The liver produces the amino acid glycoprotein apoCIII, which is connected to apoB and HDL. ApoCIII affects serum triglyceride levels and obstructs the clearance of triglyceride-rich lipoproteins via both LPL-dependent and -independent pathways. Hence, when projected on LDL and HDL, the elevated level of apoC-III predicts skyrocketing CVD risk. Volanesorsen is a second-generation ASO directed to mRNA of apoCIII that has been proven to reduce plasma apoCIII and triglyceride levels by ∼70% in animal and human models. Phase II clinical research conducted by Yang et al. [14] later revealed that hypertriglyceridemic individuals had a significant reduction in apoC-III on apoB-100, apoCIII-Lp(a), and apo(a)-I lipoproteins (reduction of treatment arm vs placebo; 82.3 ± 11.7%, 81.3 ± 15.7%, and 80.8 ± 13.6% respectively, p < 0.001 for all). This study implies the potency of Volanesorsen to reduce triglycerides and apoC-III-mediated cardiovascular risk.

Another important particle in lipid metabolism is apoB, an essential structural protein of all atherogenic lipoproteins (i.e. LDL-C, IDL-C, VLDL-C, Lp(a)). Mipomersen, an ASO that inhibits the synthesis and secretion of apoB, has been widely studied for the past decade [15,16]. Mipomersen binds to the apoB mRNA in the liver, causing mRNA degradation and, as a result, the cessation of apoB protein translation [17]. Several phase III trials have been conducted in different populations. Thomas et al. [8] tested mipomersen in a population of non-familial hypercholesterolemia with high CVD risk due to coronary heart disease or type 2 diabetes mellitus (T2DM), which resulted in a significant reduction of LDL-C (mean difference treatment vs placebo, −38 95% CI -49.3824 to −26.6176, p < 0.001). The apoB and Lp(a) also decreased in number. However, 96% (97/101) of subjects experienced mild adverse events related to treatment (e.g. injection site reaction, flu-like symptoms to hepatic steatosis) [13]. Santos et al. [18] conducted four mipomersen phase III trials in people with severe hypercholesterolemia, homozygous familial hypercholesterolemia (FH), heterozygous FH with concurrent coronary artery disease (CAD), and hypercholesterolemia with a high risk for CAD. All his studies reported that mipomersen significantly reduced all LDL particles and Lp(a) concentrations, with an adverse event of injection site reactions. Previously, three phase II studies reported a similar trend of decreased concentration of apoC-III, LDL-C, and apoB [15,16,19]. However, the rate of side effects was high, ranging from mild to moderate adverse events (i.e. site injection reactions, flu-like symptoms, and elevated liver enzymes).

3.1.3. Atrial fibrillation

Atrial fibrillation is a common cardiac arrhythmia that involves complex pathophysiology, of which the exact etiology remains unclear.
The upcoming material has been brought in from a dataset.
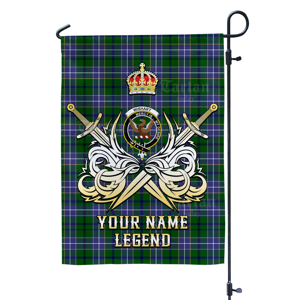 Custom Name Clan Wishart Hunting Tartan Garden Flag with Clan Crest and the Golden Sword of Courageous Legacy KR16

Inflammation is believed to play a significant role in the development of AF. Thus, the reduction of any inflammatory markers has been found to suppress AF development [7]]. A second-generation 2′-O-(2-methoxyethyl) chimeric antisense oligonucleotide (ASO) called ISIS-CRPRx (ISIS-329993) inhibits CRP in order to function. CRP is an acute-phase protein that was proposed to be able to promote atrial fibrosis, oxidative stress, and electrical remodeling. Tanaka et al.'s cohort study found a strong correlation between raised hs-CRP levels and an increased risk of atrial fibrillation in the Japanese population [20]. Similar cohort research conducted by Lee Y et al.‘s discovered that chronically increased CRP levels independently predicted the development of AF [21]. In a phase II RCT by Sugihara et al. [22] this medication has been utilized for AF patients with dual chamber permanent pacemakers (PPM) and was generally well tolerated with no significant side events in the study population. However, the study yielded no significant result in reducing AF burden (treatment arm vs. placebo: OR 1.6, 95% CI −2.42 to 5.62, p = 0.37). Nonetheless, this drug significantly reduced CRP levels by 63.7% (relative reduction; 95% CI 38.4–78.6%, p = 0.003). A previous phase I RCT by Noveck et al. [23] also revealed that pre-treatment with ISIS-CRPRx in endotoxin-induced healthy subjects attenuated CRP levels by 37% (400 mg dose) and 69% (600 mg dose; p < 0,05 vs. placebo). There is no direct causal pathogenic role of CRP in AF, consequently this contributed to imperceptible clinical outcomes. Secondly, on average, the study population of phase II RCT had low baseline levels of CRP. The impact of lowering higher levels of CRP on AF warrants further investigation.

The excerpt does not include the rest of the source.